Here is an example post that shows how to train a PyTorch/XLA model with data pipeline reading from cloud storage.https://cloud.google.com/blog/topics/developers-practitioner...

zak · on May 10, 2022

Thanks for the very kind feedback! We've wanted to provide TPU VMs since the beginning of the Cloud TPU program, and I'm delighted that you're enjoying them. Many people across Google contributed to this launch.

We're definitely working on GKE integration, and we intend to provide more support for orchestration over time since individual Cloud TPU workloads are getting bigger and bigger. We'd love to hear any more detailed feedback you might have.

bigcat12345678 · on May 10, 2022

Hi Zak, great achievement.

Xoogler, had connection with people working on TPU.

AFAIK, TPU support on GCP has been started in 2018? Or earlier? It's been 4 years to GA.

Rumors have it that the project has been incredibly difficult to get out due to Googler's poor cross-org collaboration support. It has been a sad story, another one in the list of things that Google could have been putting more resources and made available sooner to the public.

zak · on May 10, 2022

I started pitching the Cloud TPU program in 2016. Many, many people have contributed since then to build the products that are available today.

Google is a large and complicated place, but we're getting closer to providing the magical interactive supercomputing experience we've wanted for a long time.

The deep learning landscape is evolving very rapidly, and there is a lot of interest in scaling up further, so the next few years will be exciting.

ec109685 · on May 10, 2022

Curious what is the difficulty with GKE integration? From afar, it seems like the flavor of VM shouldn’t impact ability to run K8s.

londons_explore · on May 10, 2022

The GKE team probably has other priorities.

ec109685 · on May 15, 2022

Question was around what makes these instance types harder to support than any other.

zak · on Jan 3, 2020

(I'm one of the Cloud TPU product leads)

We've seen multiple BERT-related PyTorch models training successfully on Cloud TPUs, including training at scale on large, distributed Cloud TPU Pod slices.

Would you consider filing a GitHub issue at https://github.com/pytorch/xla or emailing pytorch-tpu@googlegroups.com to provide a bit more context about the specific issue you encountered?

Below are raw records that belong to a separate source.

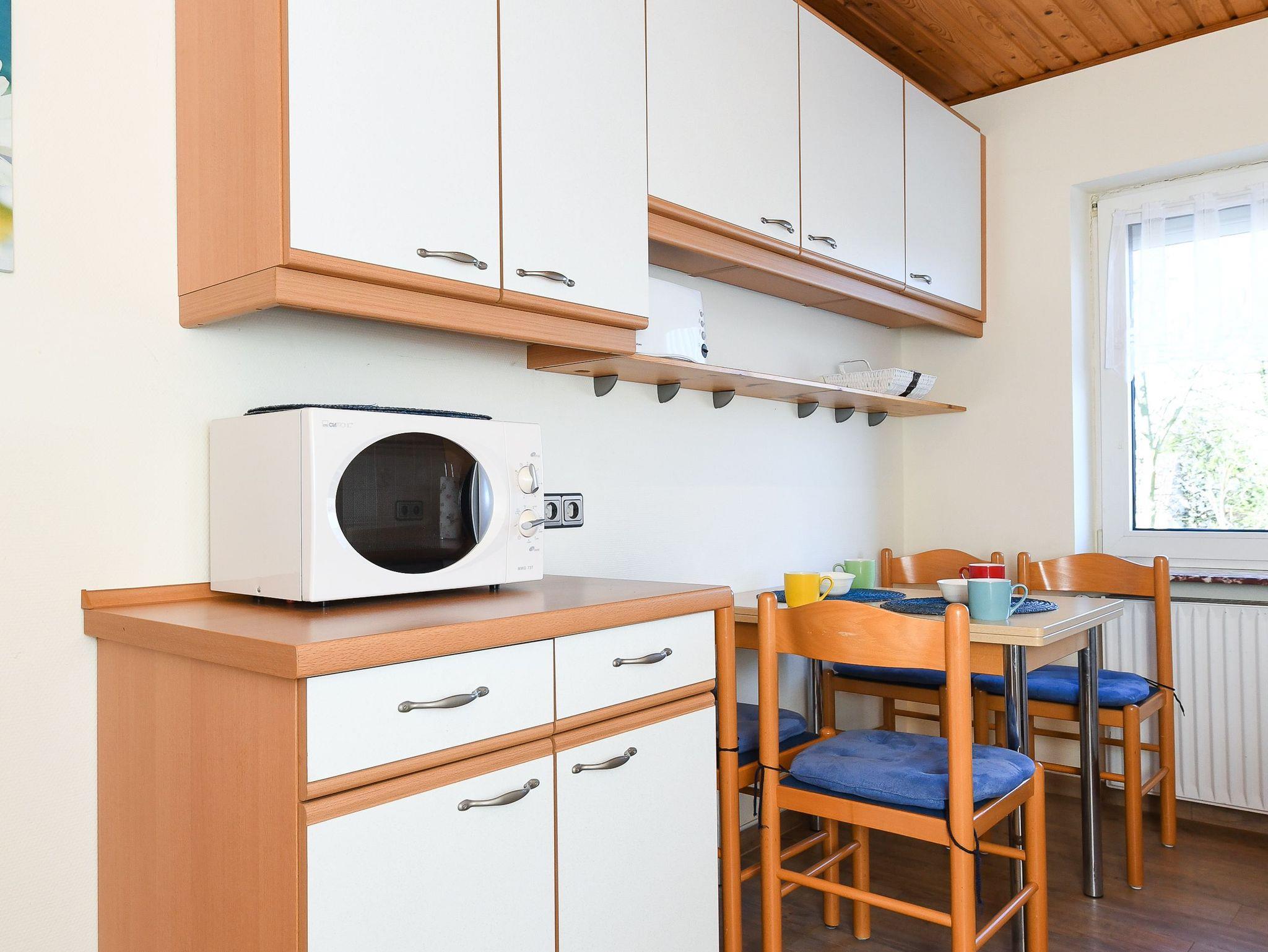 Größe ca. 70 Quadratmeter, Wohnzimmer, Küche, Schlafzimmer, zweites separates Schlafzimmer, drittes separates, Schlafzimmer, Badezimmer mit Dusche, Waschtisch und WC, Obergeschoss, Terrasse am Garten, überdachte Terrasse, optimal für 2 bis 6 Personen und zusätzlich 2 Kleinkinder.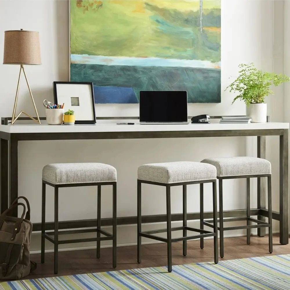 An artful ‘two-in-one’ furnishing of sorts, the Essence Console Table features a smooth, clean tabletop that neatly houses three upholstered stools underneath.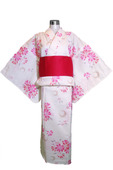 Beautiful Japanese Kimono Yukata with a white base color contrasting the pink and red floral design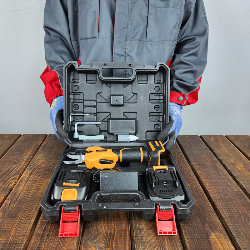 دارای دو عدد باتری 48 ولت می باشد حداکثر قطربرش 25 میلیمتر را دارد حداکثر قابلیت باز شدن تیغه 42 میلیمتر را دارد (نوک قیچی) باتری 4 آمپر ساعت می باشد قدرت برش عالی دارد دارای ضامن ایمنی می باشد به همراه روغن دان، آچار آلن، آچار تعویض تیغه و سنگ نفت عرضه می گردد کیف حمل دارد.

Here's the current PyTorch/TPU troubleshooting guide, which provides information on how to collect and interpret metrics that are very helpful for debugging: https://github.com/pytorch/xla/blob/master/TROUBLESHOOTING.m...

Thanks!

riku_iki · on Jan 3, 2020

> BERT-related PyTorch models training successfully on Cloud TPUs

How do you see it? Do you look at your client's code?

nl · on Jan 4, 2020

Google wrote BERT and they provide technical support to the FB Pytorch TPU port so it's not entirely surprising. RoBERTa, (Fb's variant) would be a good candidate to test it with.

zak · on Jan 4, 2020

We only see code when customers open-source it or otherwise explicitly share it with us. We are directly in touch with several customers who are using the PyTorch / TPU integration, so we hear feedback from them, and we also run a variety of open-source PyTorch models on Cloud TPUs ourselves as we continue to improve the integration.